I would like to begin by thanking the delegation of France for taking the initiative to organize this meeting on an important issue. France has been a key advocate for the protection of the humanitarian space and this timely initiative deserves appreciation.*
2. I thank Ms. Amina Mohammed, Deputy Secretary General of the United Nations and Mr. Robert Mardini, Director General, International Committee of the Red Cross for their comprehensive briefings. I thank Madam Lucile Grosjean of ‘Action Contre la Faim’ for sharing her insights. I would also like to welcome the presence of the Foreign Ministers of Kenya, Mexico and Tunisia at today’s meeting.
3. The world today is engulfed in a range of humanitarian crises. Most of these are caused by armed conflicts that severely impact the lives of millions of innocent civilians. The COVID-19 pandemic has further exacerbated this situation.
4. While international humanitarian law, as we see it today, has its genesis in the recent past, civilizations and cultures throughout history have developed rules of warfare for the protection of non-combatants and civilian populations.
5. The humanitarian law principles found their existence in India long before modern humanitarian jurisprudence evolved. India has followed the path of ‘Dharma’ or ‘righteous conduct’ and provided refuge to persecuted people over centuries. The Dharma-based norms for armed conflict in ancient India were founded on the principle of humanity and humanitarian norms and had many rules protecting civilians during conflict. High importance was attached to distinguishing combatants and non-combatants during armed conflicts. In a "Dharma-yuddha” or ‘Righteous War”, civilians were not attacked. On the contrary, they had to be protected.
6. In this regard, we condemn the killing of Indian Photo Journalist Danish Siddiqui while he was on a reporting assignment in Kandahar in Afghanistan yesterday. I extend our sincerest condolences to his bereaved family.
7. The complex nature of humanitarian situations around the world today demands urgent attention of the Council.
8. We believe that the primary responsibility for providing protection and assistance in a humanitarian crisis lies with the concerned country and its national government. However, international humanitarian assistance, when provided, must be given impartially, in accordance with the guiding principles outlined in General Assembly resolution 46/182 and other relevant resolutions. India remains committed to preserving the principles of humanity, neutrality, impartiality and independence in responding to all humanitarian situations. Being party to all the four Geneva Conventions, India's legal framework is fully aligned with supporting the principles of international humanitarian law and its implementation.
9. We also believe that respect for the principles of the UN Charter, including sovereignty, political independence and the territorial integrity of Member States, should remain the basis for all humanitarian actions taken by the Council. The Council must avoid politicization of humanitarian work and of humanitarian actors involved in conflict. Humanitarian action should not be used as a ploy to undermine the territorial integrity of States. Too often we have seen humanitarian assistance being linked to coercive measures by external players in order to force outcomes desired by them. Such actions run the risk of being counter-productive to achieving a resolution of the conflict itself and could further shrink the necessary space for much needed humanitarian action or assistance.
10. Violence against humanitarian workers in situations of armed conflict remains a matter of serious concern. I extend condolences to the families of the 99 humanitarian workers who were reported to be killed over the last year. We strongly condemn attacks against humanitarian personnel. Member States must take all measures to implement Security Council resolutions 2175 (2014) and 2286 (2016) to ensure the protection of humanitarian personnel and actors.

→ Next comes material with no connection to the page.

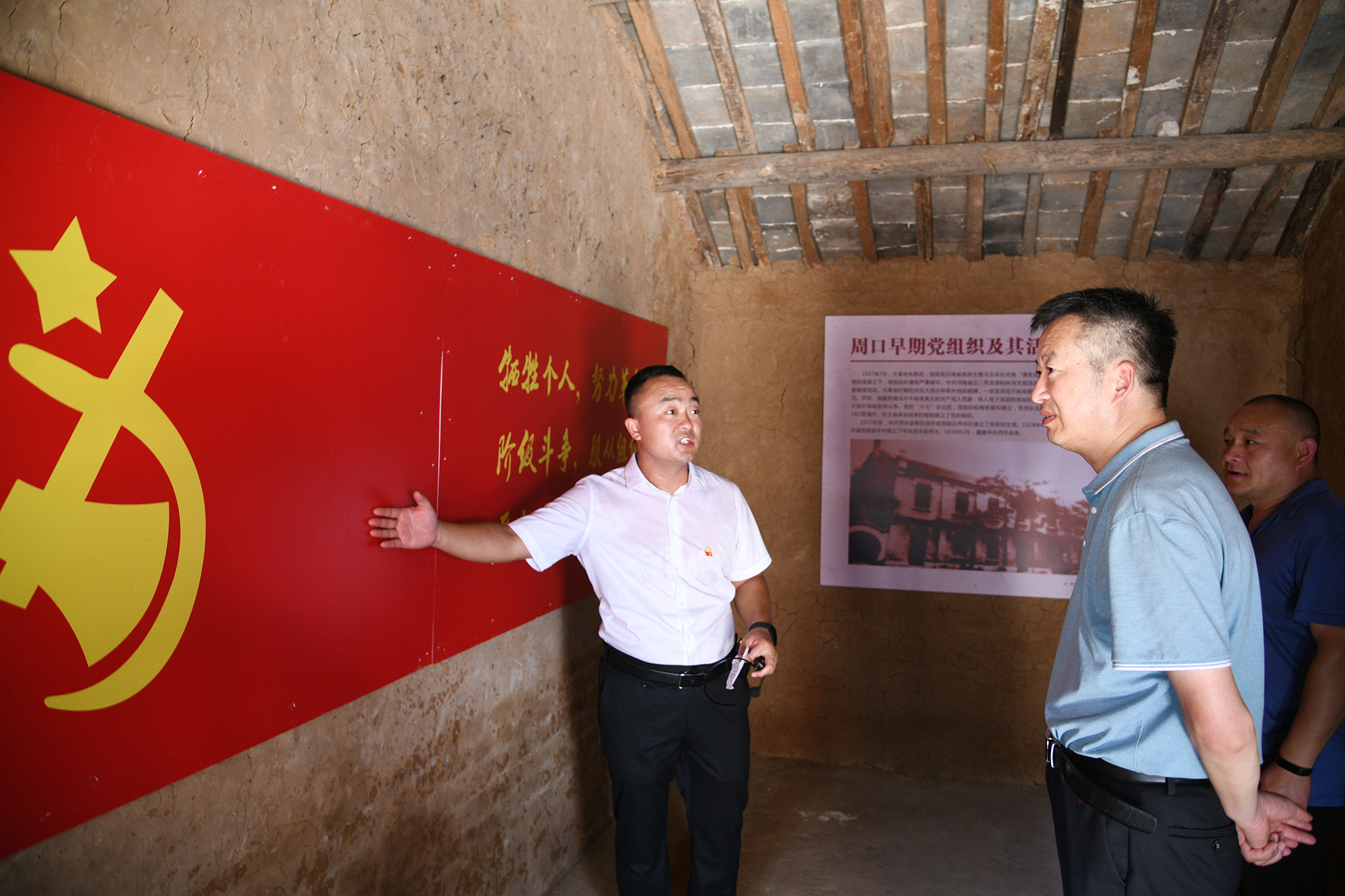 7月6日上午,在周口市首个成立最早的农村党支部旧址——西华县奉母镇岗张村“支部旧址”陈列馆吸引来周口市博物馆、西华县文管所的文博专家们,他们围绕“支部旧址”的馆建进行了细致地调研,以专业化视野为周口首个红色党支部的旧址馆建服务。

11. Ensuring accountability for serious violations of international humanitarian law remains one of the key challenges before us. States must accord high priority to addressing this issue. We must assist national authorities in developing capabilities and capacities to strengthen their national legal frameworks and related structures to investigate and prosecute the perpetrators.
12. Terrorism further compounds the twin problems of violence against humanitarian personnel and lack of accountability. Access to new and emerging technologies has enhanced the capacities of terrorist groups to obstruct humanitarian action, including safe and unhindered access for medical and humanitarian agencies. There needs to be zero tolerance for terrorism.
13. Sanctioning individuals and entities perpetrating serious violations of international humanitarian law, especially attacks on humanitarian and medical personnel, is an effective tool for the Council to check and cease violations. We, however, do believe, however, that such measures should have wider regional and international support, in the absence of which, there may be further deterioration of the humanitarian crisis and shrinking of the humanitarian space. For example, in the context of Syria, both the UN Secretary General and Office for the Coordination of Humanitarian Affairs (OCHA) have repeatedly spoken about the worsening impact of such measures on humanitarian operations on the ground.
14. To conclude, we call upon all States to respect and adhere to the UN Charter, international humanitarian law and humanitarian principles. This alone will prevent any further shrinkage of the humanitarian space. India remains committed to working with the international community to address global humanitarian challenges in an effective and comprehensive manner.